Lecture note
A practical note from the awake surgery footage in the Tissue Preservation Preceptorship: Preservé is not about making breast augmentation simple, but about patient selection, reduced tissue trauma and a controlled surgical workflow.
1. From tissue-preservation theory to operating room practice
Episode 05 framed Preservé as a tissue-preservation concept rather than a short-incision message. Episode 06 follows the same Tissue Preservation Preceptorship at Victoriakliniken into a live operating room setting, where anatomy, patient selection and pocket limits have to become practical decisions.
The educational value is not a single spectacular manoeuvre. The footage shows a workflow: local anesthesia, communication with the awake patient, controlled instrument direction, bounded pocket creation and funnel-assisted implant placement. A low-trauma technique only works when the whole team operates within the same safety discipline.

2. Local anesthesia and the awake patient: an operating standard, not a slogan
In the surgical footage, the patient is under local anesthesia and remains able to communicate with the team. This should not be read as a shortcut or as a promise that breast augmentation becomes simple for every patient.
The clinical meaning is more specific. If the patient can remain comfortable during surgery, the team must be controlling pain, operative time, tissue trauma and physiological response in real time. The anesthetic support is active throughout the case, with communication and reassurance maintained at the patient side.

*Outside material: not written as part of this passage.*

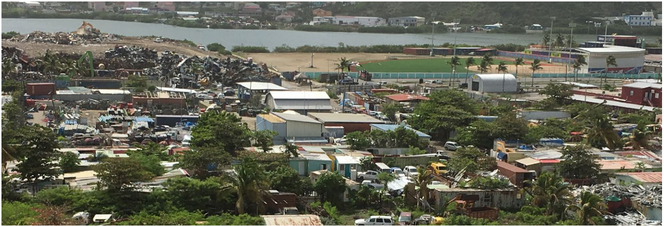
Sint Maarten Island.

often need to build additional shelters or quarantine facilities to increase distance between people. This implies additional construction waste but also greater tension with host communities, themselves under stress due to restrictions and impacts associated with COVID-19. Such tensions are important, since they can result not only in small-scale targeted violence and xenophobia but might also erupt into public protests which could facilitate disease propagation. Environmental approaches can be used to offset some of the impacts of this additional construction and to reduce community tensions, such as rehabilitation of parks and green spaces, reforestation of public spaces and streets, installation of more public waste bins or similar. COVID-19 is also likely to lead to a loss of income for the informal recycling sector, which is made up of the poorest members of society, including people on the move in many LAC countries. 2 UNEP may be able to advise on how to provide appropriate measures to maintain the recycling sector and limit the risk of recycling being discontinued due to movement restrictions or because of a rush towards alternative humanitarian response approaches (e.g. an expansion of unconditional multipurpose cash assistance to the detriment of supported livelihoods activities with environmental benefits such as recycling). UNEP can also advise on emergency livelihoods and environment during country-level socioeconomic assessments.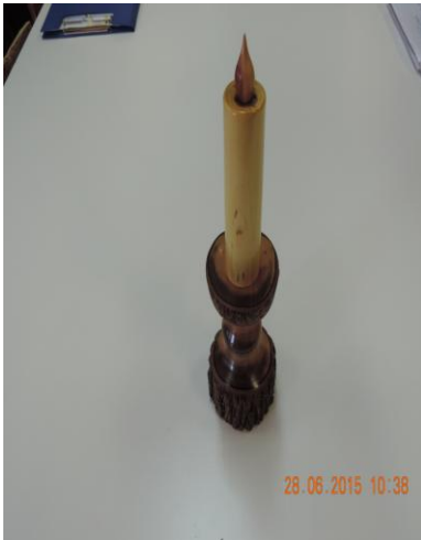
Candle Holder Stan Buick

The following photo's are from our Show and Tell:

3. Surgical plane: avoiding the gland and preserving the intended pocket
One short clip carries a key teaching point: the faculty warns against creating an intraglandular pocket. If the dissection enters the glandular tissue, the preservation concept is undermined and the implant is no longer being positioned in the intended anatomical relationship.

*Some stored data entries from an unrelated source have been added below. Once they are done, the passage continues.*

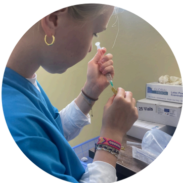
Medicine & Healthcare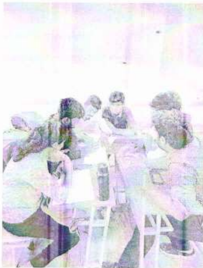
Intense discussions underway within a team on the flow of their App's functions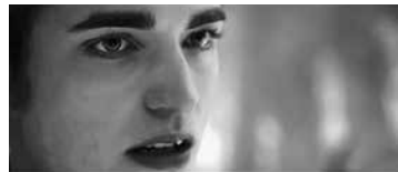
Figure 17. Setup 7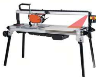
► TILE SAW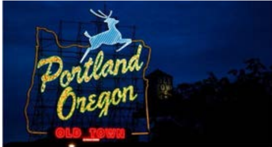
Discover the very best of the Pacific Northwest.

MADE IN PORTLAND: The creative capital of the Pacific Northwest and unrivalled Hoppy mecca is taking over The Old Truman Brewery. Discover Portland's most inspired experts, chat to local designers, watch live mural making, and get inked with a free vegan tattoo. The Old Truman Brewery (Brick Lane), free, just turn up, 11am-7pm, until 27 May

In Preservé, pocket control is read in relation to the posterior lamina, the pectoralis major fascia and the glandular tissue above. The surgeon must control the direction of the instrument, tissue feedback and the boundaries of the pocket rather than relying on the device alone.
- Do not create a pocket inside the gland when the aim is tissue preservation.
- Do not overexpand beyond the planned breast width and tissue quality.
- Do not let the instrument replace surgical anatomical judgement.
4. Balloon and funnel: controlling trauma step by step
The balloon is not simply a tool for speed. Its role is to expand the pocket with controlled force, reducing the need for wide sharp dissection. The surgeon still has to control entry axis, inflation volume, symmetry and pocket boundaries.
Once the pocket is ready, the implant is inserted with a funnel. The footage shows that this step is also controlled: air management, implant direction, rotation, final seating in the pocket and tissue response all matter. These small steps influence early implant stability and reduce unnecessary tissue handling.
5. Why this is not a technique for every augmentation case
The live case reinforces a point from Episode 05: Preservé is a selected indication. Better candidates are typically primary augmentation patients with adequate tissue coverage, good skin quality, proportionate volume goals and a natural width boundary that matches the chosen implant.
Patients with very thin coverage, marked ptosis, scarred tissue, revision complexity, excessive volume goals or a need to reshape the breast footprint may require another strategy. Using Preservé outside its proper indication can compromise the very tissue-preservation benefit it is meant to protect.
6. Practical lesson for RASA Surgical Education
The lesson is not that awake surgery is always preferable to general anesthesia. A more useful reading is that, with the right indication, reliable local anesthesia and low-trauma handling, the surgical experience can be meaningfully different for selected patients.
For RASA Surgical Education, this footage is professional education material. It illustrates preservation thinking in a real operating room, but it does not replace clinical assessment, implant selection or individualized surgical planning.
Source material and usage limits
This article is based on practical surgical footage from Modern Approaches to Tissue Preservation in Breast Surgery, part of the Tissue Preservation Preceptorship at Victoriakliniken, Stockholm, 25-26 May 2026. It belongs to the same series as Episode 05 on Motiva Preservé foundations and tissue preservation.
It is a RASA Surgical Practice academic interpretation based on the event agenda, edited video material and internal professional notes. It does not replace individualized medical consultation or surgical indication, and it should not be read as a universal outcome promise.